Good question.  First off, two things that are important here:

1. Again, RL isn’t a technique, it’s a problem formulation.  Some problems domains are inherently hard to formulate in any terms less generic than RL, so in these domains, any machine-learned/statistical approach will look like “RL.”

This exerts a conditioning/selection effect on the comparisons we make.  The impressive results demonstrated for DeepMind’s series of game-players (AlphaGo, AlphaGo Zero, AlphaZero, MuZero) were “beating top humans” and “beating top non-ML programs that use hardcoded rules/functions.”

There is no slot there for “beating ML programs that didn’t ‘use RL’,” because if you make the usual reductions away from RL in this domain, you have to aceept prohibitive limits on train data size (see below).

2. There is a distinction between “doing RL” and “applying wholly generic optimization.”  What makes something RL is the fully generic problem statement, but the technique / model architecture can be as specialized as you like.

In the last part of my post, I critiqued work on domain-general RL, because that work can’t specialize either the model or the problem description, so it really is “wholly generic optimization.”  But in actual applications like the DeepMind game-players, you phrase the problem as a wholly generic “do a thing well” but then construct a thing-doer in full awareness of what specific thing you’re trying to do.

(DeepMind’s players have successfully removed more and more of the baked-in domain knowledge while still performing well, with their latest one – MuZero – being pretty generic across the domain of transparently scored games with 2D spatial states and sufficiently non-huge [?] action spaces, but that’s still far away from “do a generic thing.”)

—-

I’ve said the domains where the SOTA looks like RL are the domains where statistical learning cannot be put in a simpler form than RL.  Which are these?

My impression is that “doing RL” has led to impressive SOTA results mostly in board/computer games.  (This may be out of date – I think it was at least true in 2018.)
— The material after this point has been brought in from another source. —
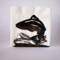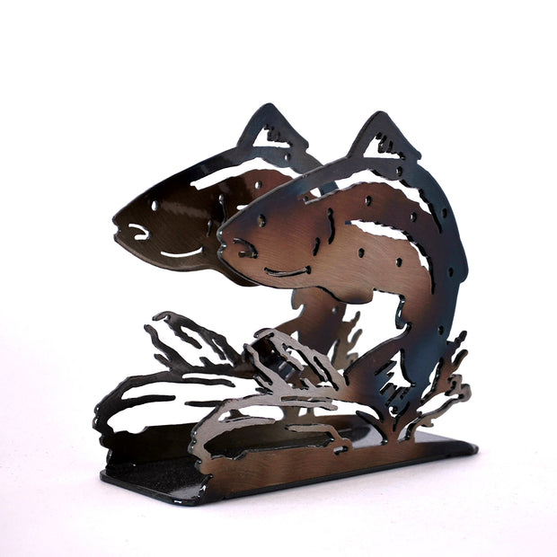 A steelhead trout breaks the surface of the lake challenging all those who would try to take him home as a prize in this fishing-themed design for a large napkin holder.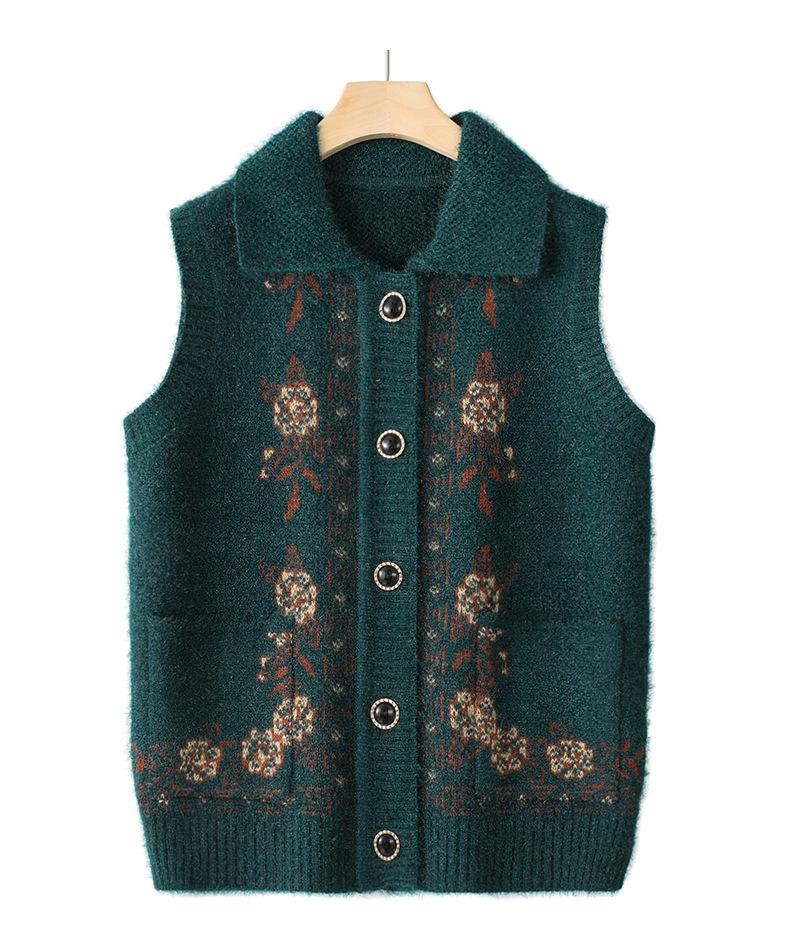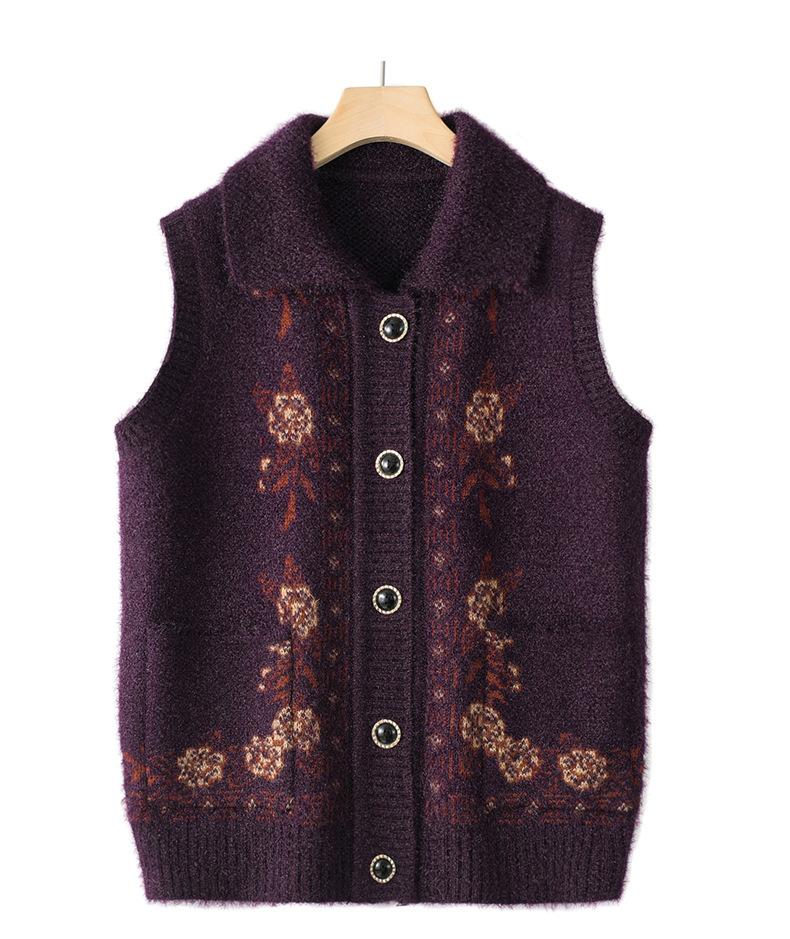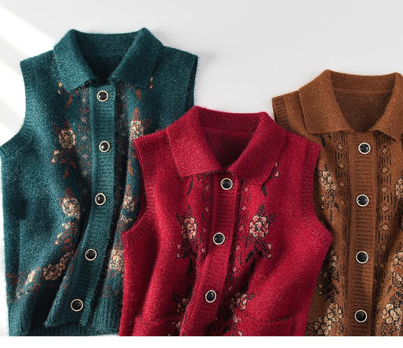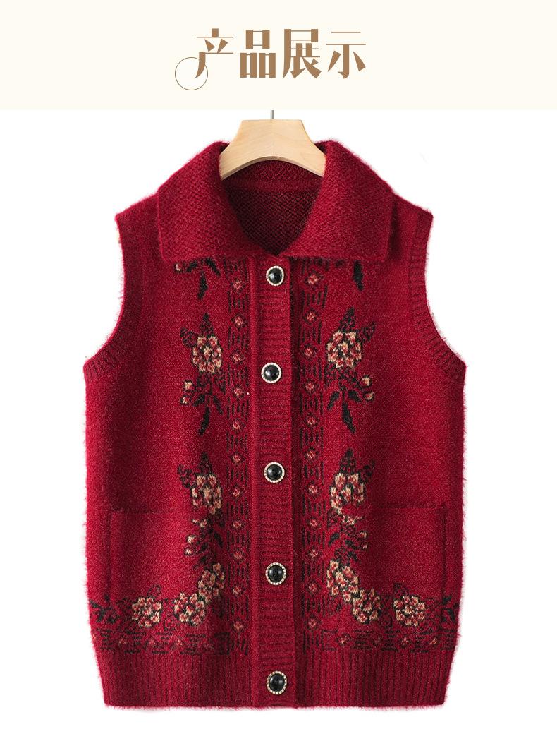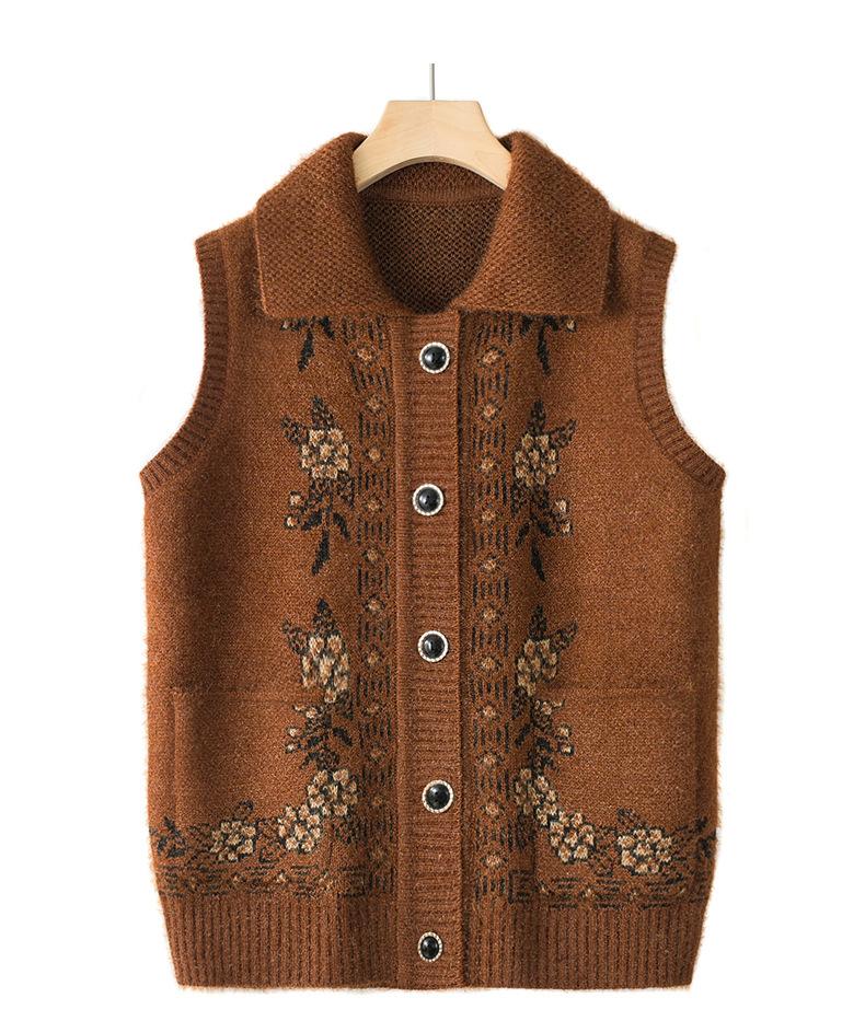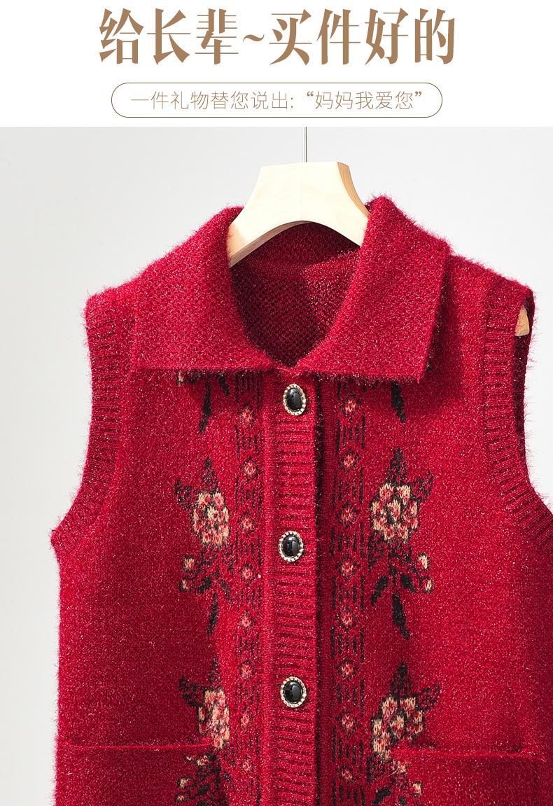 Suéter Chaleco de Punto Primavera de Mamá con Clip de Caballo Ropa Exterior Cárdigan Chaleco para Mujeres de Mediana Edad y Mayores Primavera y Otoño Nuevo

So, what’s special about games?

Relevant features of the problem defn. for games

Objective evaluation of quality happens at the full game level (win/loss or total points), and a game comprises many successive moves.

This is the big thing that makes this inherently an “RL” domain.  In some domains, there is a natural, objective quality metric for single actions – for example, in language modeling, the task is “predict the next word/token,” there is always a correct answer (the true next word/token), and there isn’t some other real metric like “winning the game” for which this is a mere proxy.

In a game, we can invent move-quality metrics, like predicting the next move of a skilled player, but these are proxies.  The true, objective definition of “a good chess move” is one that wins games, whatever that means, period.

Any program has to pick its moves one by one, so it has some (at least implicit) function for scoring moves.  Either this function is hardcoded (so not statistical learning), or it’s learned from a proxy (like imitating skilled players), or it’s learned from the true quality metric (this is RL).

So, in statistical learning, we either optimize a move-level proxy or optimize at game-level.  The statement that “RL works for games” = the statement that the latter is superior.

Relevant facts about data generation for games

We can optimize at the move level or at the game level.  The latter matches what we actually care about, but is extremely inefficient: 

- An entire board game, played to the end, gives us a single bit of signal (did we win?)

- And, even this is not a direct signal about what the move-quality metric ought to be, but an indirect signal about all the moves at once.  We must (in some sense) statistically learn an attribution function that decides what the win/loss implies for individual moves.  Such a function could look many different ways, and we must spend many bits of information setting its parameters above and beyond the ones we spend setting the parameters of the move-scoring function.

But in games, you can be inefficient as long as you’re only playing against computers.  It’s cheap to generate enormous amounts of example data with gold-standard scores attached, by just playing the game inside the computer.  This allows training on arbitrary numbers of examples, limited only by compute.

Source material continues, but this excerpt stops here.